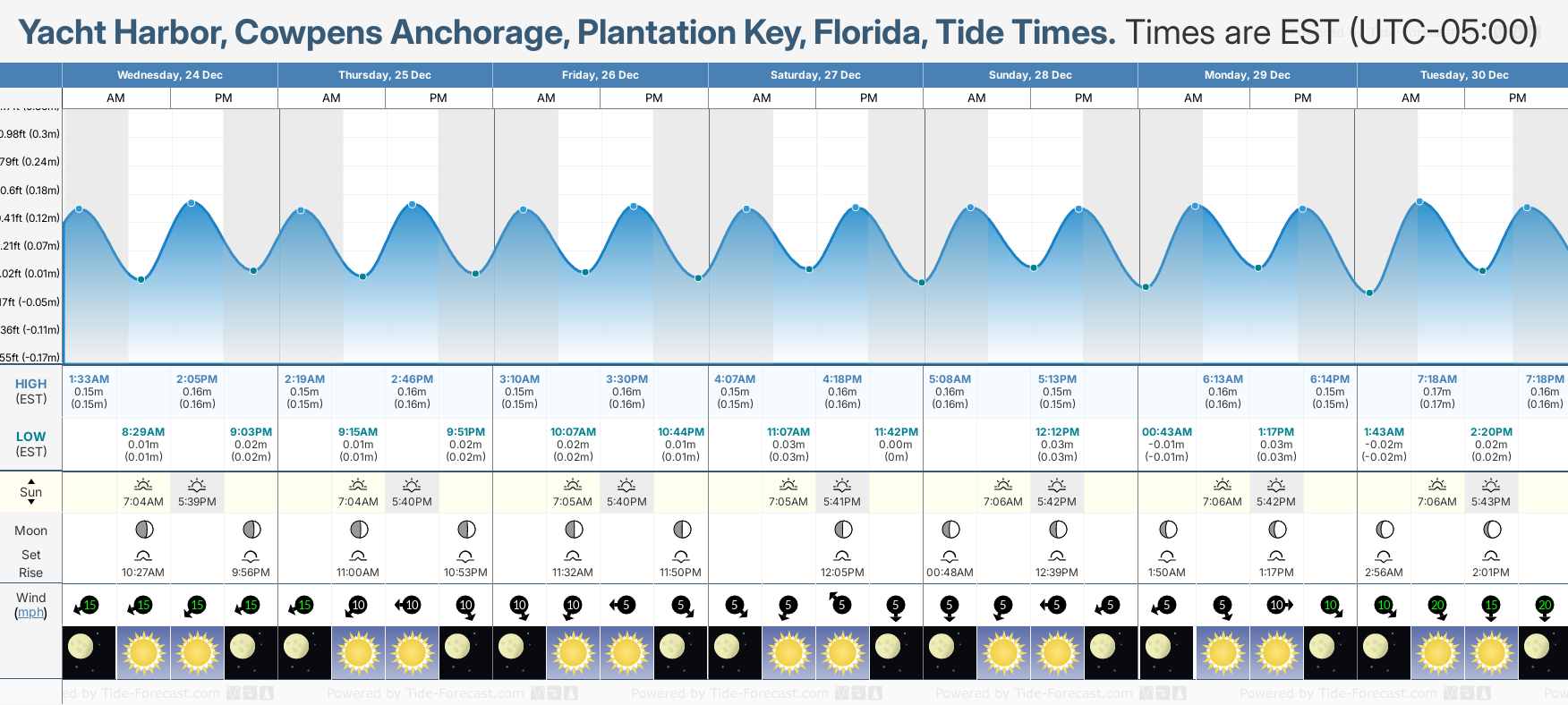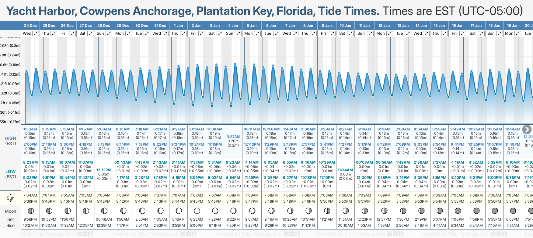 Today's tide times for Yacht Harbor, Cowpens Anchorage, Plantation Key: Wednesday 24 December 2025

...

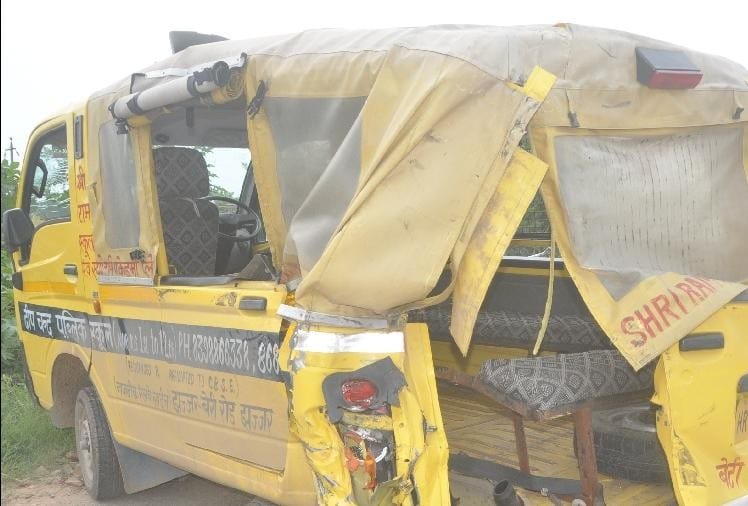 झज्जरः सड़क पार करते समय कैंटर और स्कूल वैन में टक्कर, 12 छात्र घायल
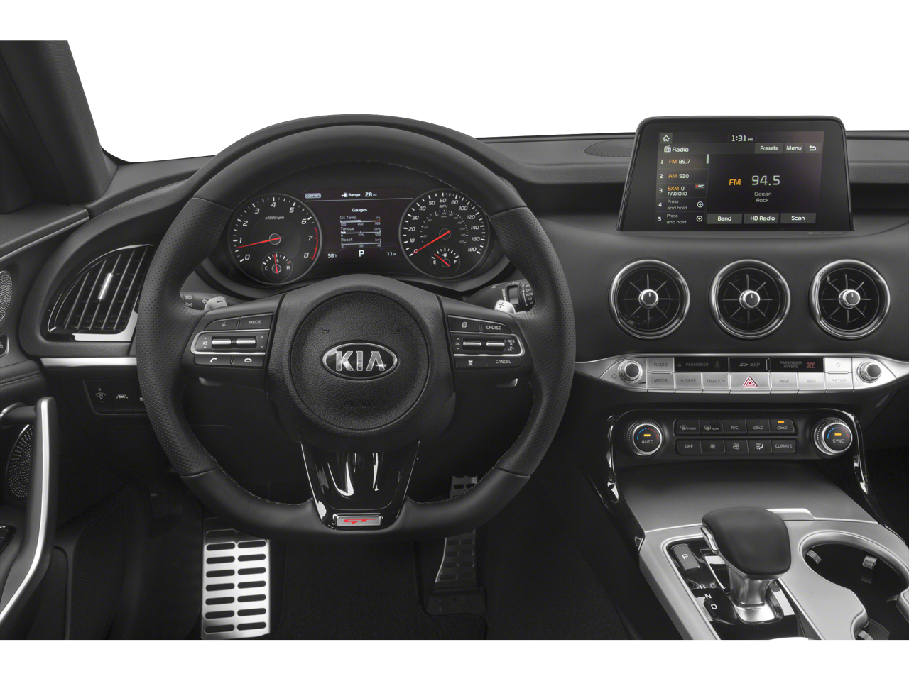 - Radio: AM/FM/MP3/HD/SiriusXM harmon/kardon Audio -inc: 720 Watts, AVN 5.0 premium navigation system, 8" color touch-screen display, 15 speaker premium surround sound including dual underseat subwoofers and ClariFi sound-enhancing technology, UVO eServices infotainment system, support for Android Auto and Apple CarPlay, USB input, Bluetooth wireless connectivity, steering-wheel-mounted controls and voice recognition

* * *

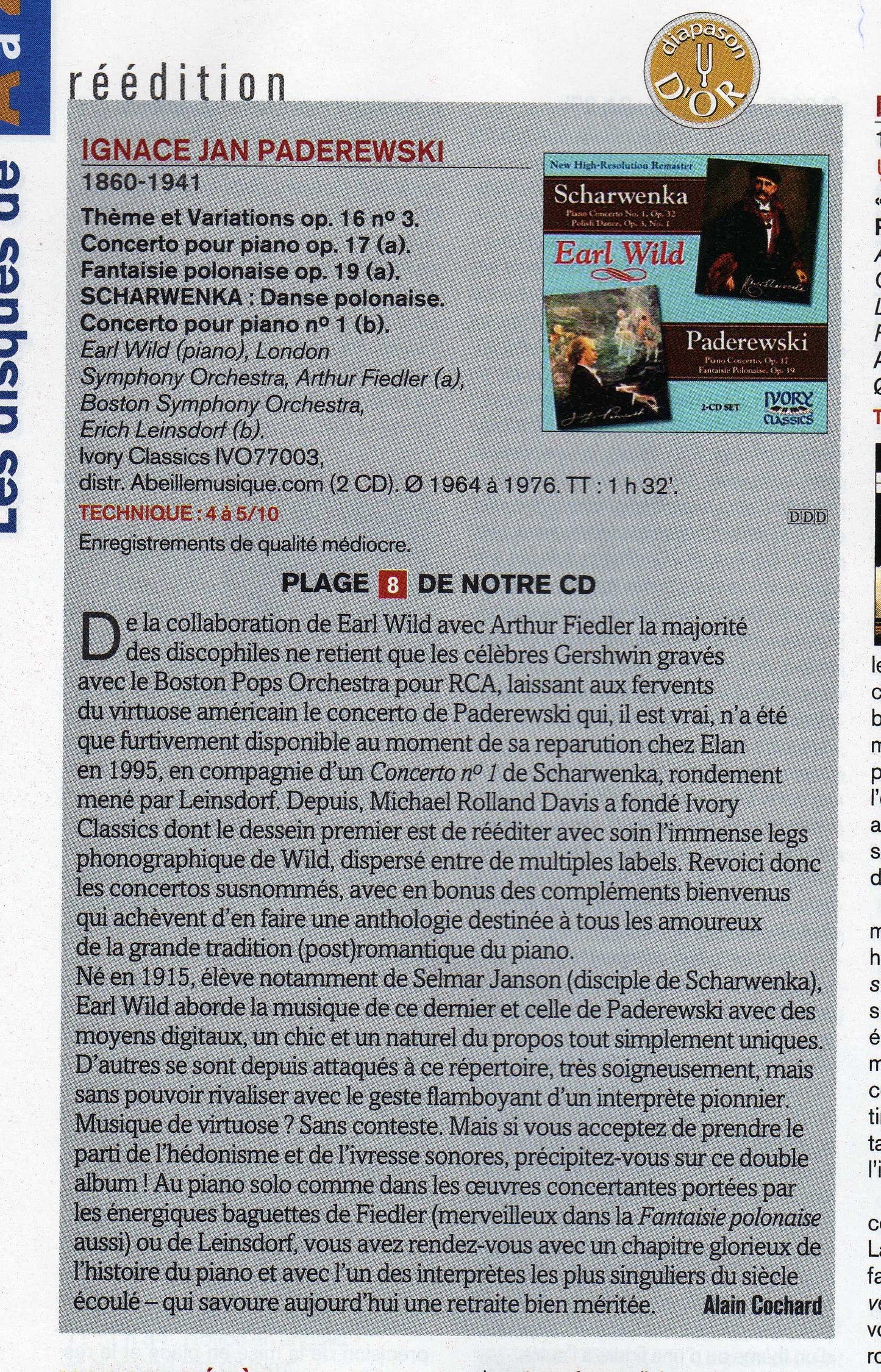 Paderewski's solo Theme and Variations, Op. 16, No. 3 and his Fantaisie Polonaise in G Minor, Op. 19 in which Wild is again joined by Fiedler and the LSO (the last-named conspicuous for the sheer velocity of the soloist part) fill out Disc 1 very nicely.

=== TASK ===
Lines wanted from the entries above: the one with "झज्जरः सड़क पार", the one with "- Radio: AM/FM/MP3/HD/SiriusXM", and all lines between. Please copy them exactly, without the pictures and without anything else.

=== YOUR SOLUTION ===
 झज्जरः सड़क पार करते समय कैंटर और स्कूल वैन में टक्कर, 12 छात्र घायल
 - Radio: AM/FM/MP3/HD/SiriusXM harmon/kardon Audio -inc: 720 Watts, AVN 5.0 premium navigation system, 8" color touch-screen display, 15 speaker premium surround sound including dual underseat subwoofers and ClariFi sound-enhancing technology, UVO eServices infotainment system, support for Android Auto and Apple CarPlay, USB input, Bluetooth wireless connectivity, steering-wheel-mounted controls and voice recognition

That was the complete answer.